Old post, but I'd have been happy to find this information a few weeks ago, so let me add something.

I recently bought one of these housings for a secondhand Sony A6500 and have been shopping for lenses.

The list of compatible ones is:

Samyang AF 35mm F2.8 FE
Sony E 16-50mm F3.5-5.6 PZ OSS
Sony E 35mm F1.8 OSS
Sony Sonnar T* FE 35mm f/2.8 ZA
Sigma 19mm F2.8 DN Art
Sigma 30mm F2.8 EX DN

I've the Sony 16-50mm kit lens and the consensus I found from the internet and ChatGPT was that the Sigma 19mm was the best choice on that list.

The Sony 16-50mm is a very tight fit at 64.7mmm wide and 57.5mm long at maximum zoom, so something like 65mm x 60mm, the Viltrox 20mm 2.8 for example, is unlikely to fit.
 
The problem is with the lining on the interior of the lens placement in the housing. It has two different diameters, starting off wide but then getting narrower. This is OK for the kit lens which extends a narrow tube but the Sony 30mm f2.5 macro lens is the same diameter over its full length. It starts getting stuck when it reaches the smaller diameter. By forcing a bit, you can get it into the smaller space. To see what I mean, take the lens on its own and try putting it into the housing.

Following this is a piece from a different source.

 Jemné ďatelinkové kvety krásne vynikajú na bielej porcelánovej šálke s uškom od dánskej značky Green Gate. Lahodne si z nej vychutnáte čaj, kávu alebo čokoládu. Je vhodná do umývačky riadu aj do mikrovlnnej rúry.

Removing the spacers from the legs used to position the camera doesn’t really help as this is not the limiting factor. I haven’t, but if you removed the liner, you’d likely find that the lens fits easily. The kit lens has a maximum length extended of 57.5mm and the Sony 30mm f3.5 macro is 55.5mm so it’s shorter and will fit. Things like the Viltrox 25mm f/1.7 at 54.5 mm would also fit but it will encounter the lining problem.
 
Many thanks! Reading your post and looking at my case, I see I misspoke - I had to remove the spacers on my previous Meikon case, which did help, but not on the SeaFrogs, so you are 100% correct there. I had not thought to remove that little liner for the 30mm macro lens. I should play around and see if doing that allows the camera to sit so all buttons work properly. (But in the interim, I got a Fantasea FA6000 essentially for free and have switched to using that; all the buttons work and there's a button to push the flash down, too. But the on/off switch is a pain with dry gloves and I prefer the Sea Frogs' push down shutter release to the Fantasea's pull in shutter release.)